I love laundry day. The smell of bleached bed linens, the plethora of clean clothes hanging available in my closet. I love clean.
The only disappointment about laundry day is when you’re done putting all the clothes away and making the bed with the fresh sheets, and all is clean and organized, there’s still something amess. The clothes I’m wearing. Thus, the greatest joy of laundry day is also its greatest disappointment – not all my clothes are clean.
As I sat at the laundromat, trying to distract myself with a Kakuro puzzle, I gave attention to my melancholy mood. And I don’t like melancholy. Yes, I’m a writer, and we writers tend to be glum and low-spirited. But I’m not an old man yet, I don’t have a burning desire to set out on the sea, and I don’t LIKE to be melancholy.
Rather, I’m a fixer. And I believe I have fixed this problem.
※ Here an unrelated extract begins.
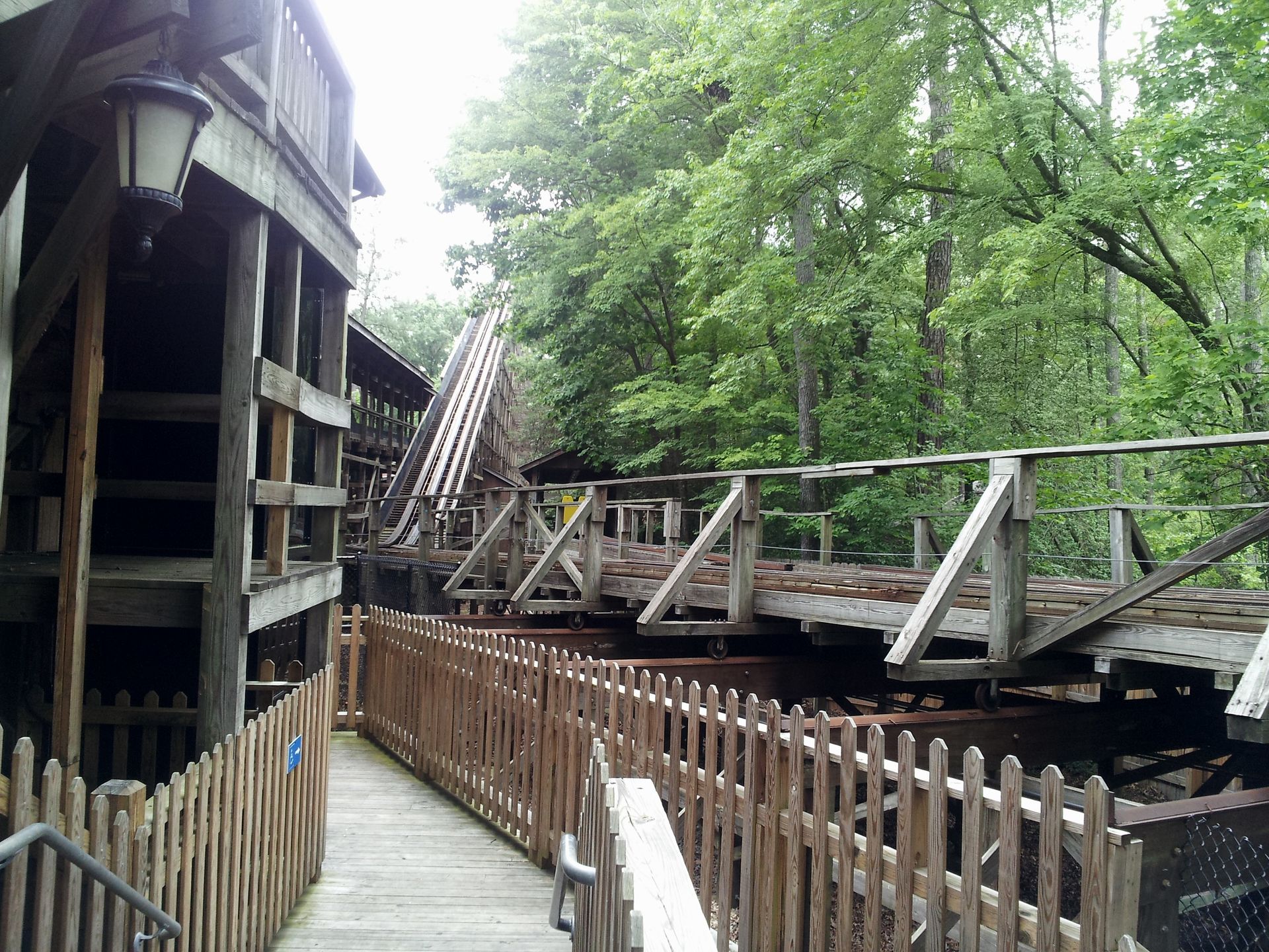 Trimbrake. Zwar sind die geraden Streckenabschnitte mit den Airtimehügeln deutlich besser, die rauen Kurven nehmen aber jeglichen Fahrspaß. Normalerweise plädiere ich ja für den Erhalt einer jeden Achterbahn, besonders wenn sie aus Holz ist. Aber hier wäre ein Abriss sinnvoller gewesen als bei Shockwave. Zur Not könnte

The All Naked Laundromat. YES!
Imagine being able to wash ALL of your clothes, to be able to return home and put all your stuff away, and have nary a stitch of dirty clothing. Yes, I believe this idea has legs. Hairy, fleshy, liver-spotted, knobby-kneed legs.
See, most people who go to the laundromat (at least the one I go to), are pretty ugly. So anything they could do to “upgrade” their appearance, including getting naked, would be welcome. And let’s face it, even bad naked is still naked, right?
As great an idea as this is, there are, however, a number of obstacles which must be overcome…
1) Where does a naked man or woman keep all his or her quarters?
2) How does one get from my All Naked Laundromat to his or her car, and then into his or her house without dirtying clothes?
3) Is navel lint flammable? (Those clothes dryers can get right hot.)
4) Does talk of naked allow a writer to use words like “plethora?”
I’m sure there will be more issues to resolve as I press forward with my business plan. But soon you’ll see – a whole chain of All Naked Laundromats across the U.S., Canada and even Mexico. I’ll be rich, rich, RICH! I’ll be wearing the finest clothes. Or NOT wearing the finest clothes.
P.S. When it comes to naked, one should never digress.
August 11, 2008 at 12:08 am |
lol…you crack me up. i suppose that in some nudist colonies…they must have laundromats right? umm…how about wearing disposable clothing?
just think…even when we are dead…we will most likely leave laundry and bills to pay. it never ends.